There is no reason at all to breed an unpapered dog.


----------



## Xenasmommy (Jun 22, 2010)

Thanks again for the warm welcome. No she's not papered. We rescued her when she was a week old from an abandoned house. There was a couple up the street and thier dogs so they say were show dogs well this couple was running from the law and left 13 puppies at a week old fend for themselves, and took the parents. When I was walking down the street I heard puppy sounds and went behind this house and there was 11 puppies dead, and Xena and her brother were trying to crawl thier way out of the dog house when i was hallering for them,.I bottled fed them both, but her brother Red didn't make it.
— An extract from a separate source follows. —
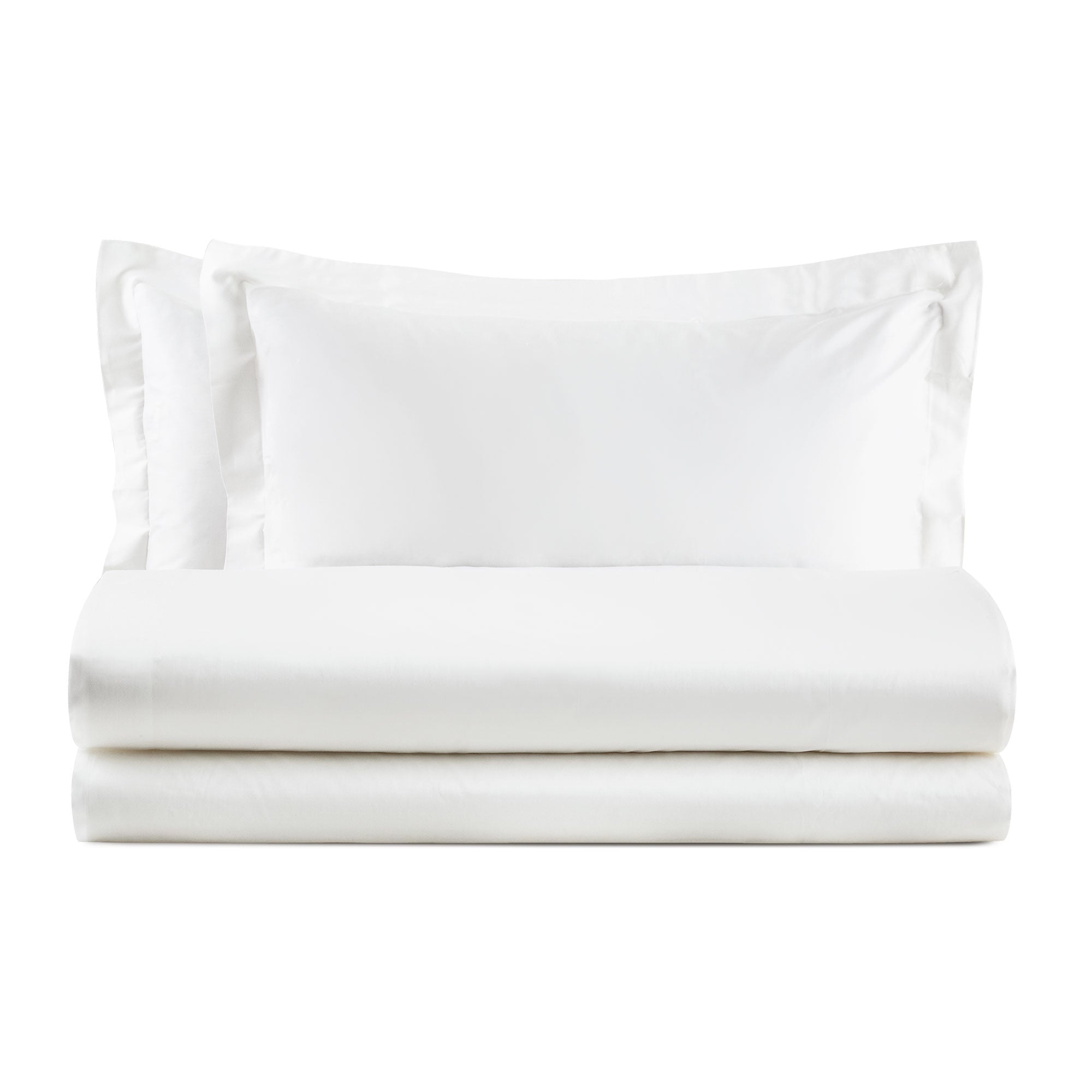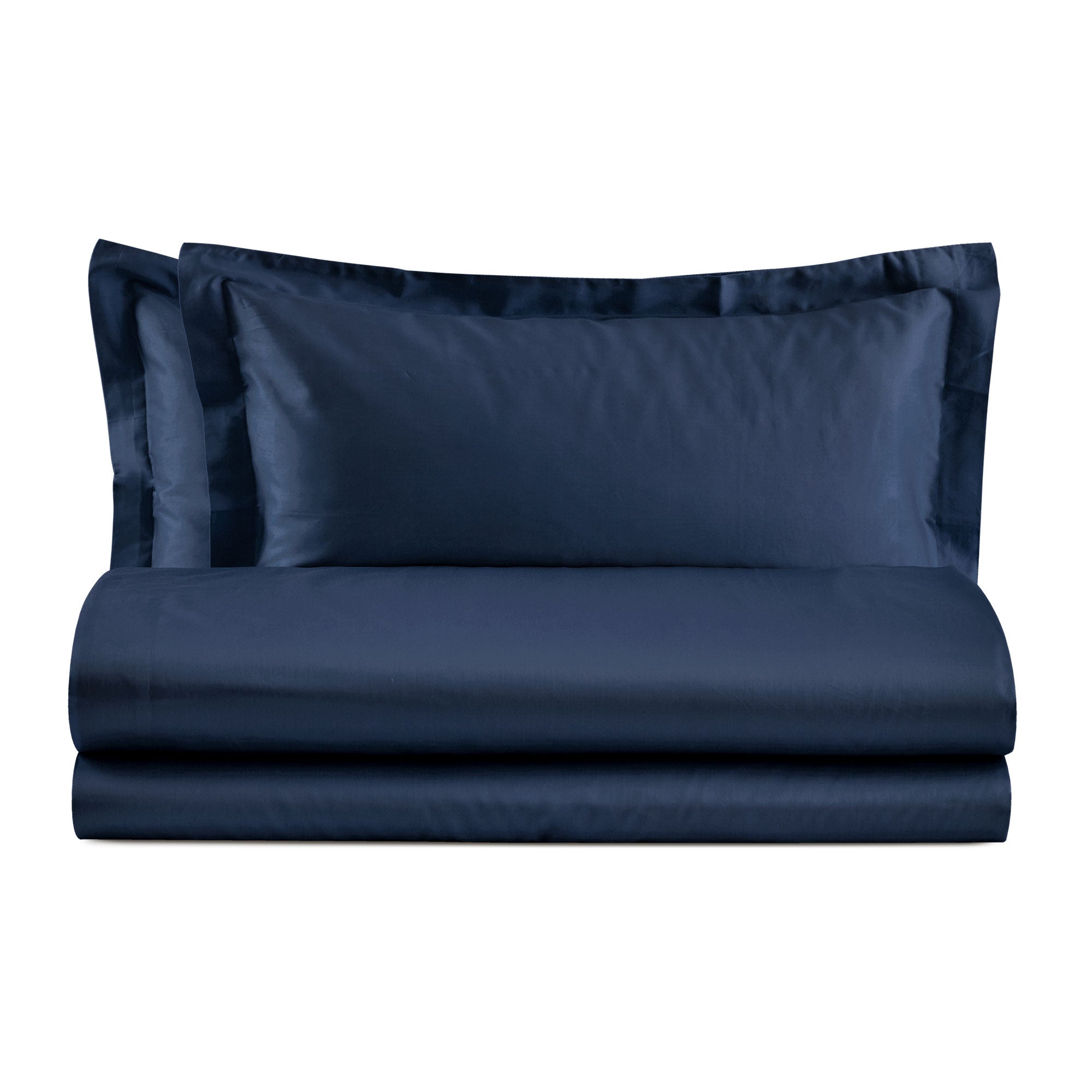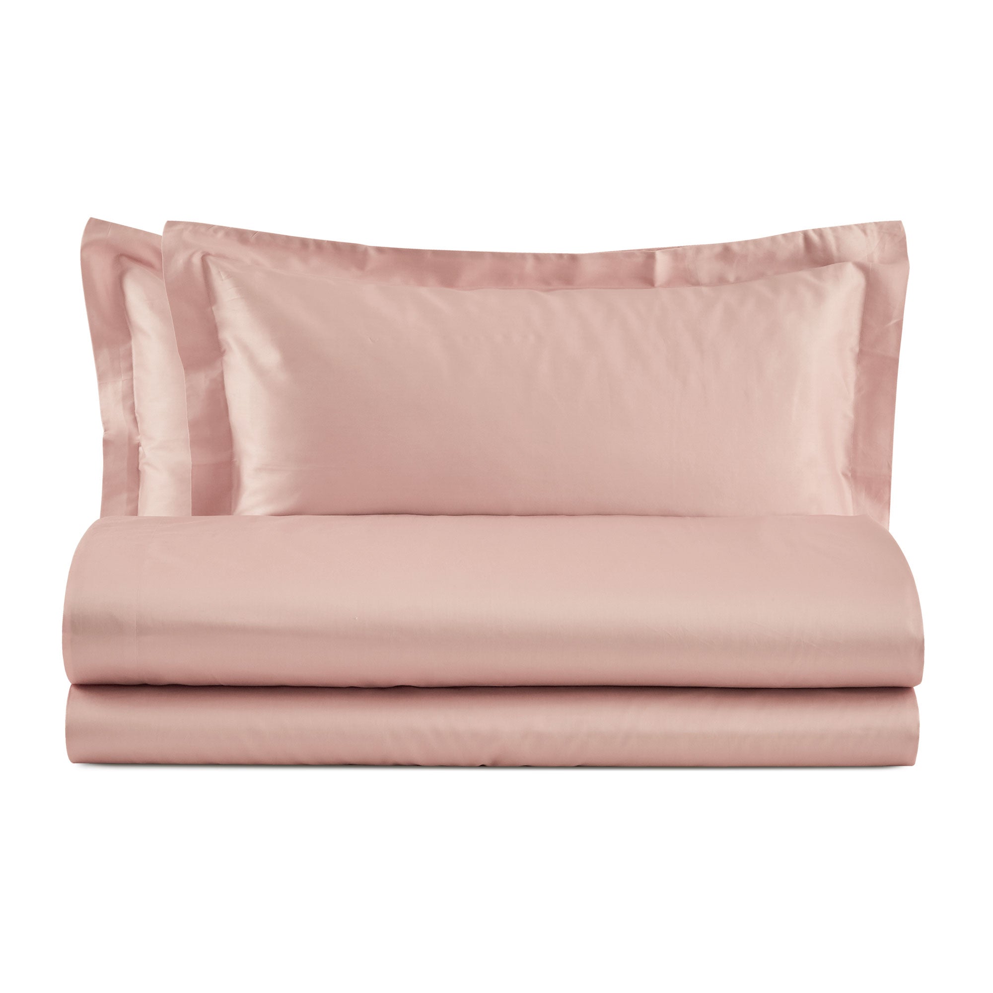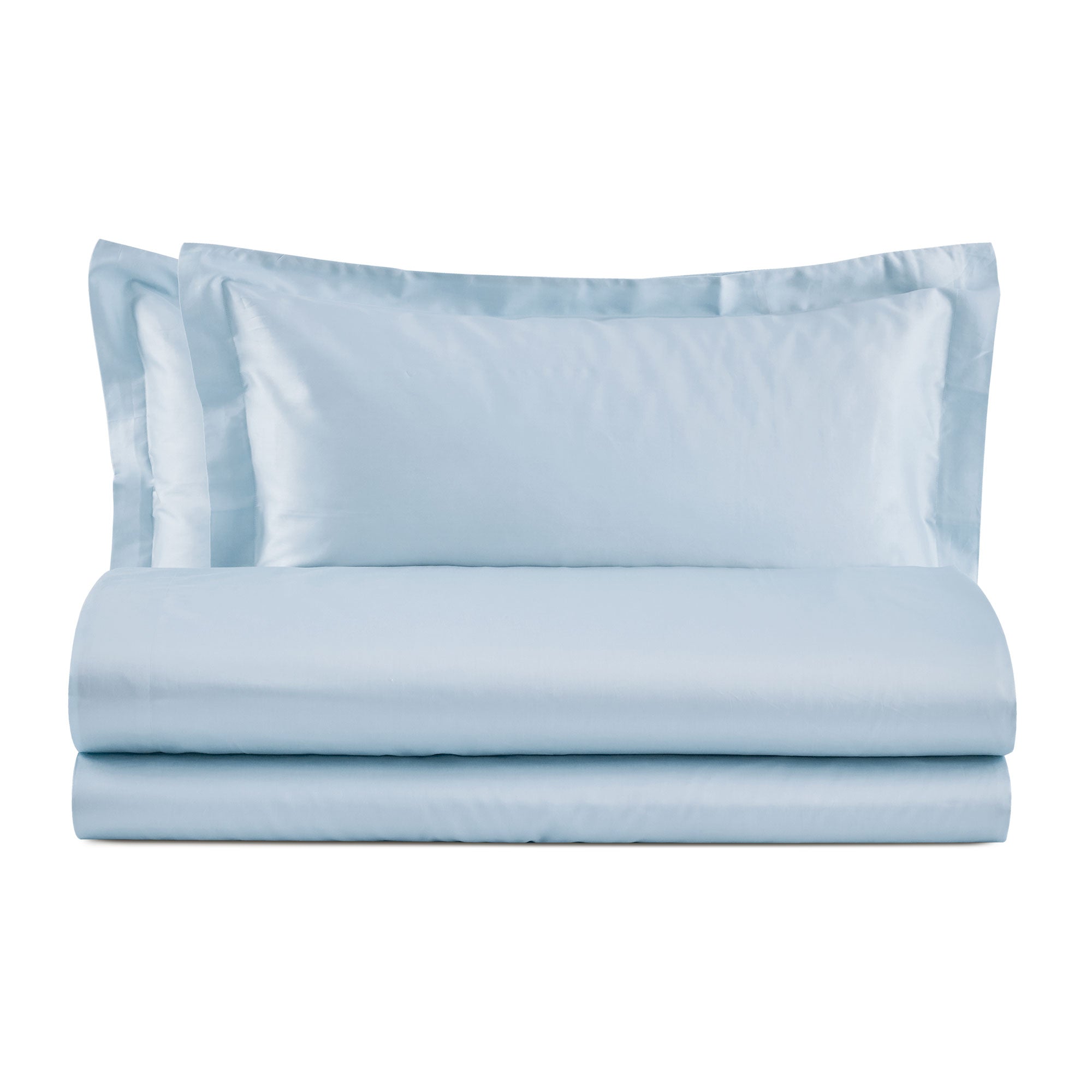 The bed set consists of a top sheet, a fitted sheet with corners, and one pillowcase per bed size. The refined set is made of pure cotton satin 300 T.C. and features meticulous finishes. The sheets are designed for a mattress up to 22 cm high. The bright colors are tested to withstand long washes.

Xena became part of our family, and I have met up with a couple of people to breed her with but they were never good enough. I want a good temperment, and manerisims,. So yes I have been looking for a year, im very prepared for her to have puppys. I heard of this site that will paper only pit bulls, but i didnt know how legitement the site was. So i was very hesitant about completing the paperwork. I didnt go through with it. If there is a way for me to get her papered I would love to know how. Well thanks again.


----------



## Xenasmommy (Jun 22, 2010)

Well im sorry you feel that way. I still am going to continue to look for a good dog to breed her with. She tries to mother any animal around her so i know shes going to be a good mommy. She even let the kitten suck on her to try n mother it. which made me sad and realize she wanted a baby. Im sorry that you feel that way.


----------